我创建了一个启动探测器并使其总是失败。它应该会导致 pod 被杀死并重新启动,但事实并非如此。我看到启动探测的一个事件失败 (此后没有事件),但 pods 显示为 1/1 Running
。当我 运行 我的 Helm 测试时,它通过了!
我通过为启动探测检查设置无效的用户名和密码来保证失败。
使用K8s版本:1.19.4
当我检查事件时,我得到:
4m44s Normal SuccessfulCreate replicaset/mysqlpod-5957645967 Created pod: mysqlpod-5957645967-fj95t
4m44s Normal ScalingReplicaSet deployment/mysqlpod Scaled up replica set mysqlpod-5957645967 to 1
4m44s Normal Scheduled pod/mysqlpod-5957645967-fj95t Successfully assigned data-layer/mysqlpod-5957645967-fj95t to minikube
4m43s Normal Created pod/mysqlpod-5957645967-fj95t Created container mysql
4m43s Normal Pulled pod/mysqlpod-5957645967-fj95t Container image "mysql:5.6" already present on machine
4m43s Normal Started pod/mysqlpod-5957645967-fj95t Started container mysql
4m41s Warning Unhealthy pod/mysqlpod-5957645967-fj95t Startup probe failed: Warning: Using a password on the command line interface can be insecure.
mysqladmin: connect to server at 'localhost' failed
error: 'Can't connect to local MySQL server through socket '/var/run/mysqld/mysqld.sock' (2)'
Check that mysqld is running and that the socket: '/var/run/mysqld/mysqld.sock' exists!
检查 Pods,我看到(使用 --watch
):
NAME READY STATUS RESTARTS AGE
mysql-db-app-5957645967-fj95t 0/1 Running 0 7m18s
mysql-db-app-5957645967-fj95t 1/1 Running 0 7m43s
请注意它 零 重新启动。
我的部署有:
apiVersion: apps/v1
kind: Deployment
metadata:
name: {{ include "mysqlapp.name" . }}
namespace: {{ quote .Values.metadata.namespace }}
spec:
replicas: {{ .Values.deploymentSpecs.replicas}}
selector:
matchLabels:
{{- include "mysqlapp.selectorLabels" . | nindent 6 }}
template:
metadata:
labels:
{{- include "mysqlapp.selectorLabels" . | nindent 8 }}
spec:
containers:
- image: "{{ .Values.image.name }}:{{ .Values.image.tag }}"

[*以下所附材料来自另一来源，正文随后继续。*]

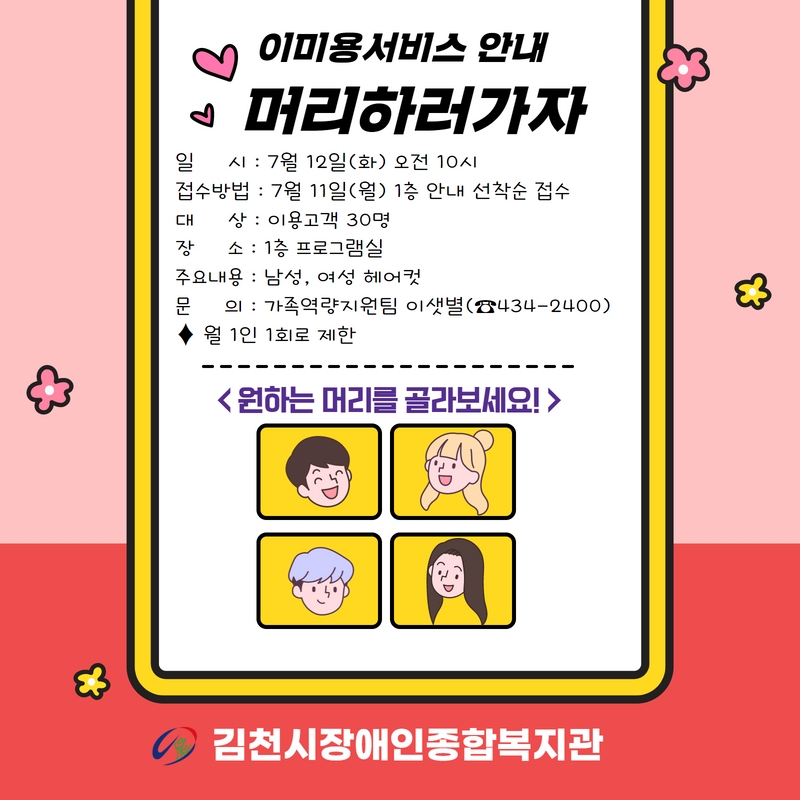 [게시판]이미용서비스 안내 게시글 작성정보 작성자 김천시장애인복지관 작성일 22-07-05 13:59 조회수 1,377 댓글수 0 목록 게시글 본문 첨부파일 1개 이미용서비스 안내 8.jpg (206.4K) 1회 다운로드 첨부일시 : 2022-07-05 13:59:47 이전글 [게시판]장애인 자조모임 안내 22-07-11 다음글 [보도자료]“17년간 열심히 달려온 의미 있는 시간” 관장 박선하 정년 퇴임식 22-06-30 댓글 0 등록된 댓글이 없습니다. 목록

imagePullPolicy: {{ .Values.image.pullPolicy }}
name: {{ .Values.image.name }}
env:
- name: MYSQL_ROOT_PASSWORD
valueFrom:
secretKeyRef:
name: db-credentials
key: db-password
ports:
- containerPort: {{ .Values.ports.containerPort }}
name: {{ .Values.image.name }}
startupProbe:
exec:
command:
- /bin/sh
- -c
- mysqladmin ping -u wrong -pwrong
periodSeconds: {{ .Values.startupProbe.periodSeconds }}
timeoutSeconds: {{ .Values.startupProbe.timeoutSeconds }}
successThreshold: {{ .Values.startupProbe.successThreshold }}
failureThreshold: {{ .Values.startupProbe.failureThreshold }}
注意上面的- mysqladmin ping -u wrong -pwrong
。
Values.yaml:
metadata:
namespace: data-layer
myprop: value
deploymentSpecs:
replicas: 1
labels:
app: db-service
image:
name: mysql
pullPolicy: IfNotPresent
tag: "5.6"
ports:
containerPort: 3306
startupProbe:
periodSeconds: 10
timeoutSeconds: 2
successThreshold: 1
failureThreshold: 5
即使等了 5 分钟,我仍然能够 运行 测试(它使用 MySql 客户端访问数据库)并且成功了!为什么这不会失败?
它没有失败,因为它证明 ping
命令 returns 一个 0
状态 即使 user/pass 是错误的,只要它可以到达服务器。
Check whether the server is available. The return status from mysqladmin is 0 if the server is running, 1 if it is not. This is 0 even in case of an error such as Access denied, because this means that the server is running but refused the connection, which is different from the server not running.
要强制失败并重新启动,您可以使用:
mysqladmin ping -u root -p${MYSQL_ROOT_PASSWORD} --host fake
我创建了一个启动探测器并使其总是失败。它应该会导致 pod 被杀死并重新启动,但事实并非如此。我看到启动探测的一个事件失败 (此后没有事件),但 pods 显示为 1/1 Running
。当我 运行 我的 Helm 测试时,它通过了!
我通过为启动探测检查设置无效的用户名和密码来保证失败。
使用K8s版本:1.19.4
当我检查事件时,我得到:
4m44s Normal SuccessfulCreate replicaset/mysqlpod-5957645967 Created pod: mysqlpod-5957645967-fj95t
4m44s Normal ScalingReplicaSet deployment/mysqlpod Scaled up replica set mysqlpod-5957645967 to 1
4m44s Normal Scheduled pod/mysqlpod-5957645967-fj95t Successfully assigned data-layer/mysqlpod-5957645967-fj95t to minikube
4m43s Normal Created pod/mysqlpod-5957645967-fj95t Created container mysql
4m43s Normal Pulled pod/mysqlpod-5957645967-fj95t Container image "mysql:5.6" already present on machine
4m43s Normal Started pod/mysqlpod-5957645967-fj95t Started container mysql
4m41s Warning Unhealthy pod/mysqlpod-5957645967-fj95t Startup probe failed: Warning: Using a password on the command line interface can be insecure.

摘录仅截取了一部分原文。